• [Provided information]
▶
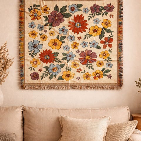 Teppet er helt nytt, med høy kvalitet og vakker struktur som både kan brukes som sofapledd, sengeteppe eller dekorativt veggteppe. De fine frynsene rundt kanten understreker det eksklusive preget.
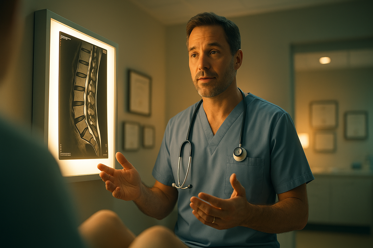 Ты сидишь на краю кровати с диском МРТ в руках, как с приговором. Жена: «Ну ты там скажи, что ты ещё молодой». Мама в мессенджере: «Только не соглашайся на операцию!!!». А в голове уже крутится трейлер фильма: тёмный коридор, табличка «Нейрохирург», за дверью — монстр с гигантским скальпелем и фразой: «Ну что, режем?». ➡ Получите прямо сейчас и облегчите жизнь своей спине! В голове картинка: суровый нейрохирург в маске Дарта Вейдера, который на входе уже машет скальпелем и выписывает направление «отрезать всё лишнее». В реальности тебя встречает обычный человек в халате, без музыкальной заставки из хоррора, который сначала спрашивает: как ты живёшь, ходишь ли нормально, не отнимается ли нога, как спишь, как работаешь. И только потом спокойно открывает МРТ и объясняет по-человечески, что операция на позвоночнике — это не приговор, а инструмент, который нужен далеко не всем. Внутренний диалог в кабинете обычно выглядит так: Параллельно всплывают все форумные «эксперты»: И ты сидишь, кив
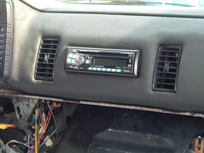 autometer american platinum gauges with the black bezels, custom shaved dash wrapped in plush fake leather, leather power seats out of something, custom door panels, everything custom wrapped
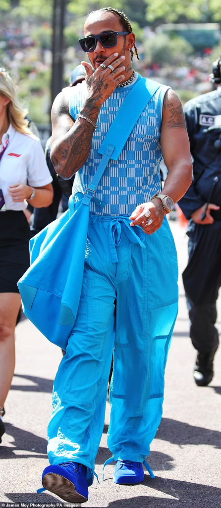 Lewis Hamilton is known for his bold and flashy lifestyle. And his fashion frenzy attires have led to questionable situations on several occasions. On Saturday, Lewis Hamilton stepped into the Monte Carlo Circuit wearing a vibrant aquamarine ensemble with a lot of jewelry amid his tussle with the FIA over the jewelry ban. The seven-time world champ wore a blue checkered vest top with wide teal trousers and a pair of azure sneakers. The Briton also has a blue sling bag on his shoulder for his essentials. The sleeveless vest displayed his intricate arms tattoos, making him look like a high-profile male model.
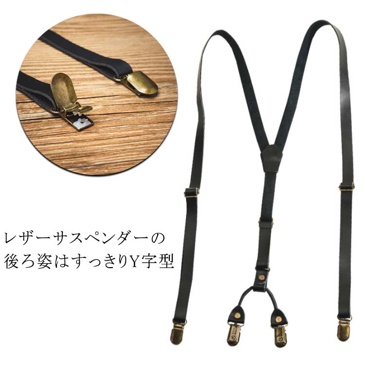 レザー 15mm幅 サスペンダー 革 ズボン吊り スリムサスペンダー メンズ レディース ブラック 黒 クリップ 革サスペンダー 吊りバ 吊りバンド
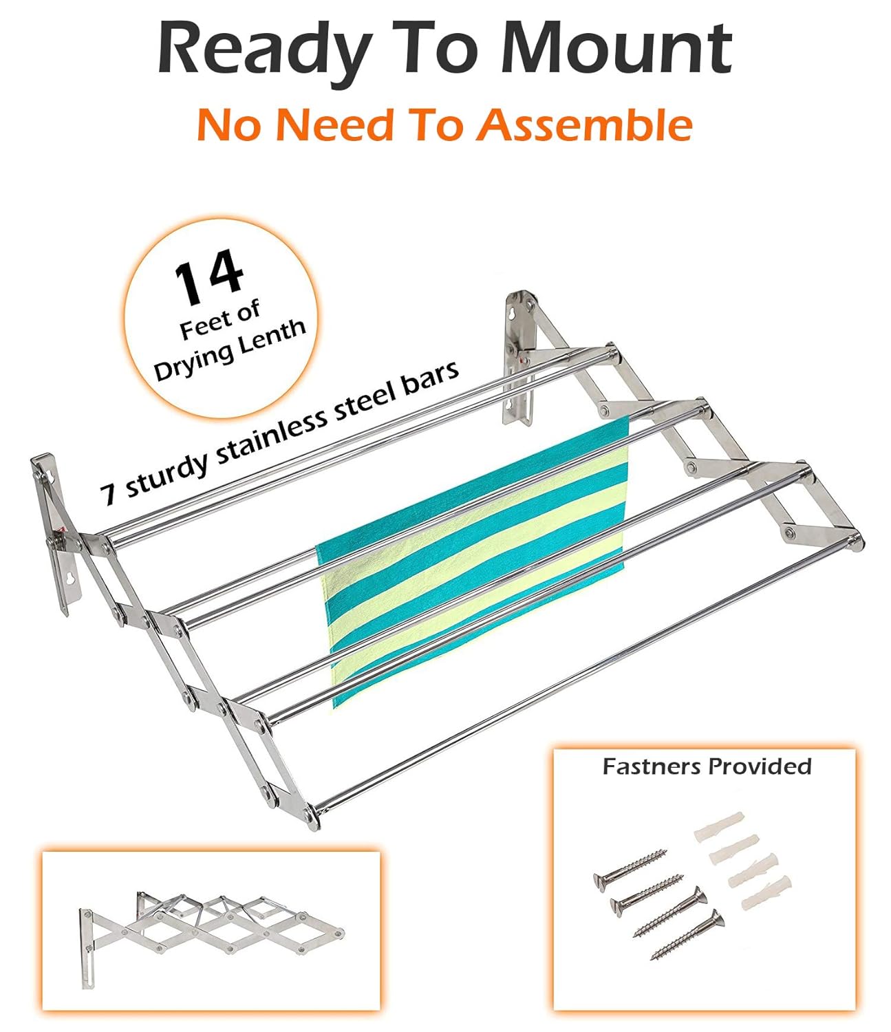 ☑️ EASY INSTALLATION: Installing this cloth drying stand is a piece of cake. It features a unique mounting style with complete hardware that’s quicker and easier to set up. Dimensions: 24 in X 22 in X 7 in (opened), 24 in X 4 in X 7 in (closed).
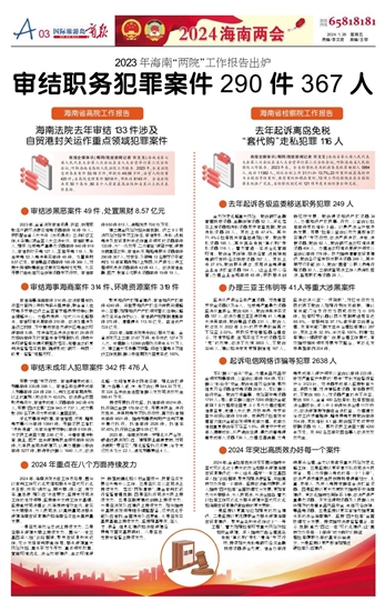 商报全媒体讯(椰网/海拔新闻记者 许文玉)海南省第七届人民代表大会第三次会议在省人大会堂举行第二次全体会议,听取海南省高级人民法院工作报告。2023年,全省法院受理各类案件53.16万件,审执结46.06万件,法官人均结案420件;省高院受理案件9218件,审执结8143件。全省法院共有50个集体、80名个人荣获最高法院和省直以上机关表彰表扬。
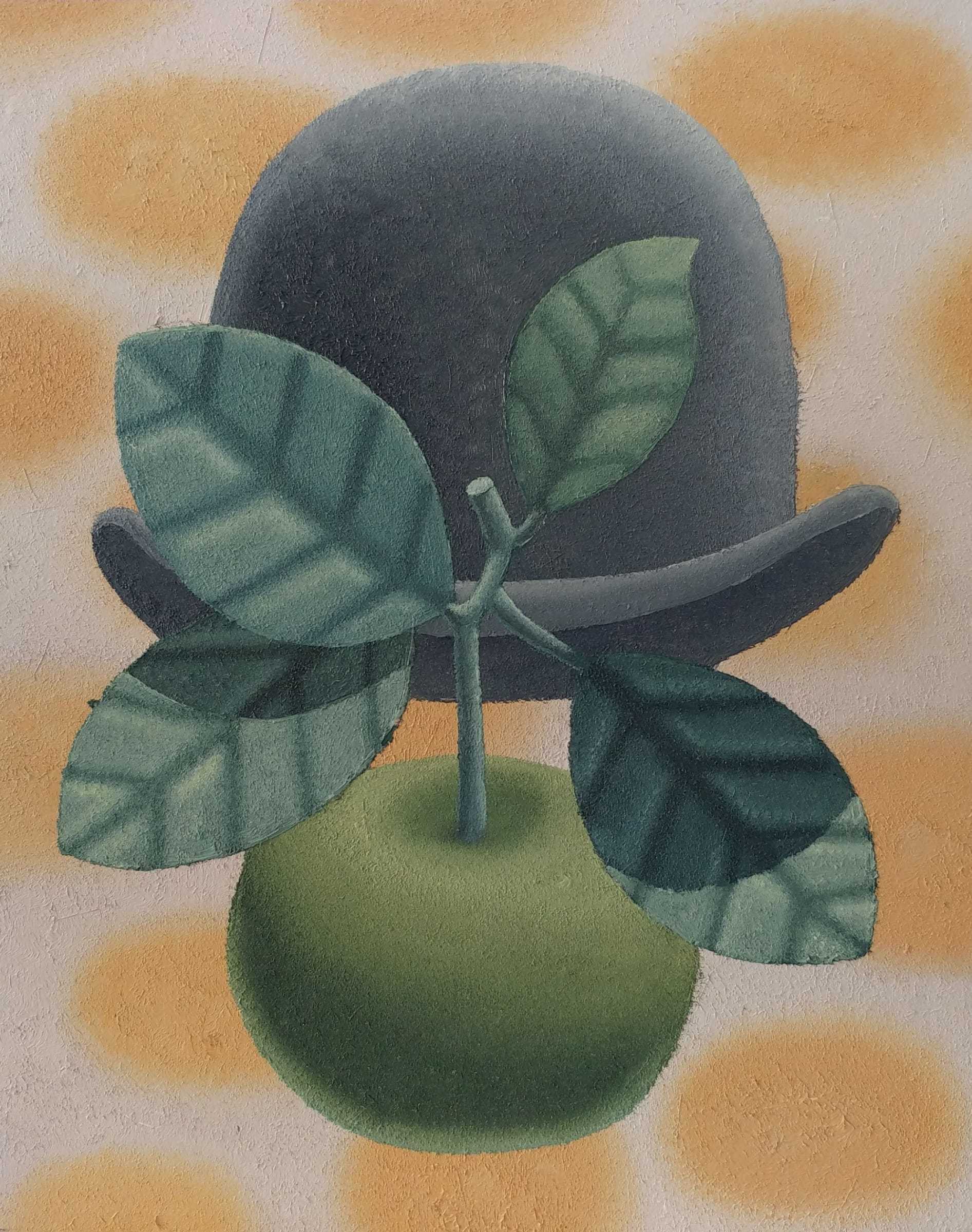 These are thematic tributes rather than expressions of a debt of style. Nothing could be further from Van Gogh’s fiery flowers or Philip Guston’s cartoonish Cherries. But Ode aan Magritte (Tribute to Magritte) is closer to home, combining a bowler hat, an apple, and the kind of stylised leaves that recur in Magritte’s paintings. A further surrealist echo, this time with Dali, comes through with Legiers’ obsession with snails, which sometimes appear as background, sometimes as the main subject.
◀
• [What needs to be done]
A faithful copy of every record is required, with no pictures included.

• [Result of this task]
 Teppet er helt nytt, med høy kvalitet og vakker struktur som både kan brukes som sofapledd, sengeteppe eller dekorativt veggteppe. De fine frynsene rundt kanten understreker det eksklusive preget.
 Ты сидишь на краю кровати с диском МРТ в руках, как с приговором. Жена: «Ну ты там скажи, что ты ещё молодой». Мама в мессенджере: «Только не соглашайся на операцию!!!». А в голове уже крутится трейлер фильма: тёмный коридор, табличка «Нейрохирург», за дверью — монстр с гигантским скальпелем и фразой: «Ну что, режем?». ➡ Получите прямо сейчас и облегчите жизнь своей спине! В голове картинка: суровый нейрохирург в маске Дарта Вейдера, который на входе уже машет скальпелем и выписывает направление «отрезать всё лишнее». В реальности тебя встречает обычный человек в халате, без музыкальной заставки из хоррора, который сначала спрашивает: как ты живёшь, ходишь ли нормально, не отнимается ли нога, как спишь, как работаешь. И только потом спокойно открывает МРТ и объясняет по-человечески, что операция на позвоночнике — это не приговор, а инструмент, который нужен далеко не всем. Внутренний диалог в кабинете обычно выглядит так: Параллельно всплывают все форумные «эксперты»: И ты сидишь, кив
 autometer american platinum gauges with the black bezels, custom shaved dash wrapped in plush fake leather, leather power seats out of something, custom door panels, everything custom wrapped
 Lewis Hamilton is known for his bold and flashy lifestyle. And his fashion frenzy attires have led to questionable situations on several occasions. On Saturday, Lewis Hamilton stepped into the Monte Carlo Circuit wearing a vibrant aquamarine ensemble with a lot of jewelry amid his tussle with the FIA over the jewelry ban. The seven-time world champ wore a blue checkered vest top with wide teal trousers and a pair of azure sneakers. The Briton also has a blue sling bag on his shoulder for his essentials. The sleeveless vest displayed his intricate arms tattoos, making him look like a high-profile male model.
 レザー 15mm幅 サスペンダー 革 ズボン吊り スリムサスペンダー メンズ レディース ブラック 黒 クリップ 革サスペンダー 吊りバ 吊りバンド
 ☑️ EASY INSTALLATION: Installing this cloth drying stand is a piece of cake. It features a unique mounting style with complete hardware that’s quicker and easier to set up. Dimensions: 24 in X 22 in X 7 in (opened), 24 in X 4 in X 7 in (closed).
 商报全媒体讯(椰网/海拔新闻记者 许文玉)海南省第七届人民代表大会第三次会议在省人大会堂举行第二次全体会议,听取海南省高级人民法院工作报告。2023年,全省法院受理各类案件53.16万件,审执结46.06万件,法官人均结案420件;省高院受理案件9218件,审执结8143件。全省法院共有50个集体、80名个人荣获最高法院和省直以上机关表彰表扬。
 These are thematic tributes rather than expressions of a debt of style. Nothing could be further from Van Gogh’s fiery flowers or Philip Guston’s cartoonish Cherries. But Ode aan Magritte (Tribute to Magritte) is closer to home, combining a bowler hat, an apple, and the kind of stylised leaves that recur in Magritte’s paintings. A further surrealist echo, this time with Dali, comes through with Legiers’ obsession with snails, which sometimes appear as background, sometimes as the main subject.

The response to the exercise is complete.